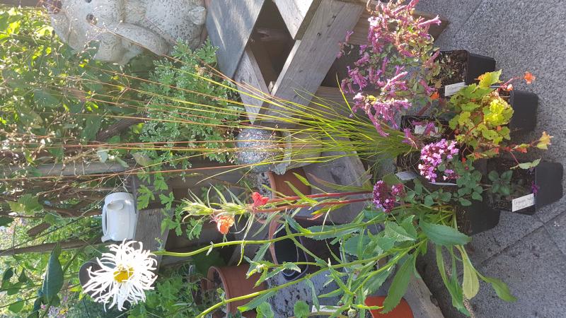 Dazu kam noch 2 Oregano Sorten, ein chices , duftendes Gras und eine Nachtkerze in orange/ rot.
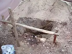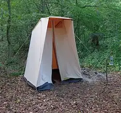 A hudo is a temporary pit toilet in a camp, covered with a tarpaulin, not a permanent outhouse. The name is in common use in Dutch and Belgian scouting, and has international usage.
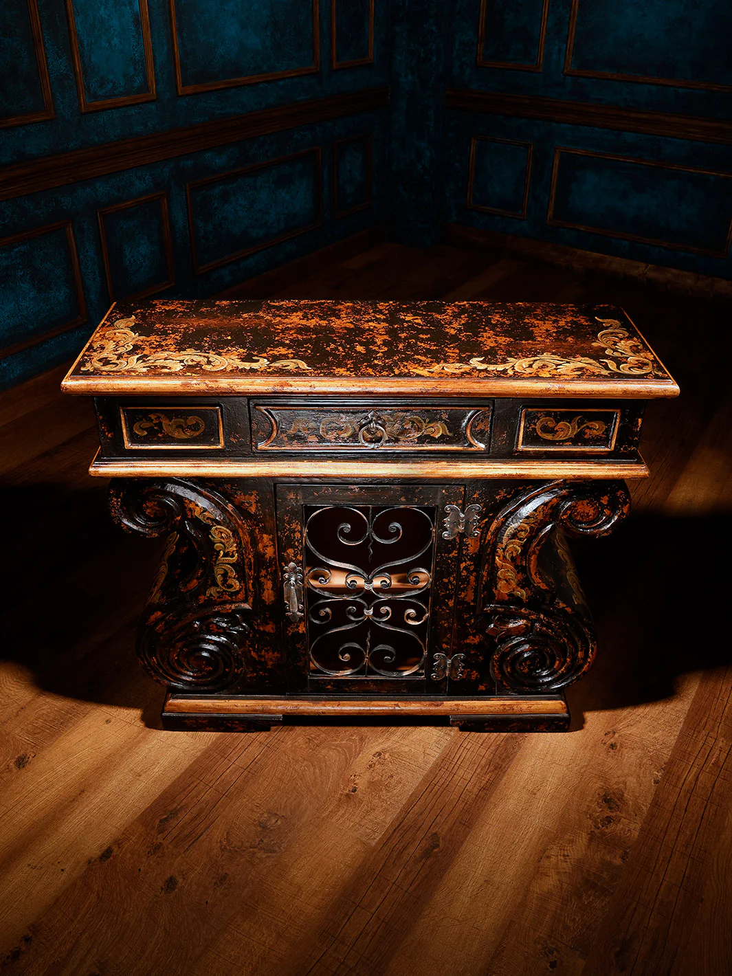 Its gracefully scrolled sides and hand-carved detailing evoke timeless elegance, while the hand-painted finish in Rustic Black adds rich depth and texture. A forged iron cabinet door adds a layer of rugged charm, beautifully balancing artful design with functionality.
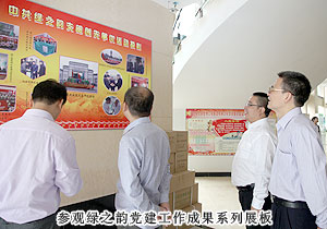 在調(diào)研中,彭繼球主席一行詳細了解了綠之韻的經(jīng)營現(xiàn)狀及遠景規(guī)劃,參觀了產(chǎn)品形象展廳,對“清調(diào)補衡”的產(chǎn)品理念及利稅、公益等企業(yè)公民行為給予高度評價。在綠之韻黨支部黨建工作成果系列展板前,彭繼球主席一行停下腳步,就公司黨建工作與胡國安董事長進行了交流。作為非公經(jīng)濟企業(yè)優(yōu)秀基層黨組織,綠之韻黨支部積極扶危濟困,德行并重,發(fā)展企業(yè),回饋社會。連續(xù)多年取得的黨建成果,受到了考察組一行的高度贊揚。彭繼球主席重點指出:綠之韻黨支部在黨員隊伍的建設(shè)、發(fā)展教育管理、服務(wù)企業(yè)健康發(fā)展、為黨凝聚職工群眾等方面都做了大量的、有特色、有實效的工作,取得了明顯的成績。希望綠之韻黨支部在今后的工作中,進一步完善機制,加強領(lǐng)導(dǎo),在推動企業(yè)發(fā)展、服務(wù)群眾、凝聚人心、促進和諧方面發(fā)揮出重要的作用。

**TASK ITEM**
Exact transcription of the full listing above is required; images do not belong in it.

**SOLUTION**
 Dazu kam noch 2 Oregano Sorten, ein chices , duftendes Gras und eine Nachtkerze in orange/ rot.
 A hudo is a temporary pit toilet in a camp, covered with a tarpaulin, not a permanent outhouse. The name is in common use in Dutch and Belgian scouting, and has international usage.
 Its gracefully scrolled sides and hand-carved detailing evoke timeless elegance, while the hand-painted finish in Rustic Black adds rich depth and texture. A forged iron cabinet door adds a layer of rugged charm, beautifully balancing artful design with functionality.
 在調(diào)研中,彭繼球主席一行詳細了解了綠之韻的經(jīng)營現(xiàn)狀及遠景規(guī)劃,參觀了產(chǎn)品形象展廳,對“清調(diào)補衡”的產(chǎn)品理念及利稅、公益等企業(yè)公民行為給予高度評價。在綠之韻黨支部黨建工作成果系列展板前,彭繼球主席一行停下腳步,就公司黨建工作與胡國安董事長進行了交流。作為非公經(jīng)濟企業(yè)優(yōu)秀基層黨組織,綠之韻黨支部積極扶危濟困,德行并重,發(fā)展企業(yè),回饋社會。連續(xù)多年取得的黨建成果,受到了考察組一行的高度贊揚。彭繼球主席重點指出:綠之韻黨支部在黨員隊伍的建設(shè)、發(fā)展教育管理、服務(wù)企業(yè)健康發(fā)展、為黨凝聚職工群眾等方面都做了大量的、有特色、有實效的工作,取得了明顯的成績。希望綠之韻黨支部在今后的工作中,進一步完善機制,加強領(lǐng)導(dǎo),在推動企業(yè)發(fā)展、服務(wù)群眾、凝聚人心、促進和諧方面發(fā)揮出重要的作用。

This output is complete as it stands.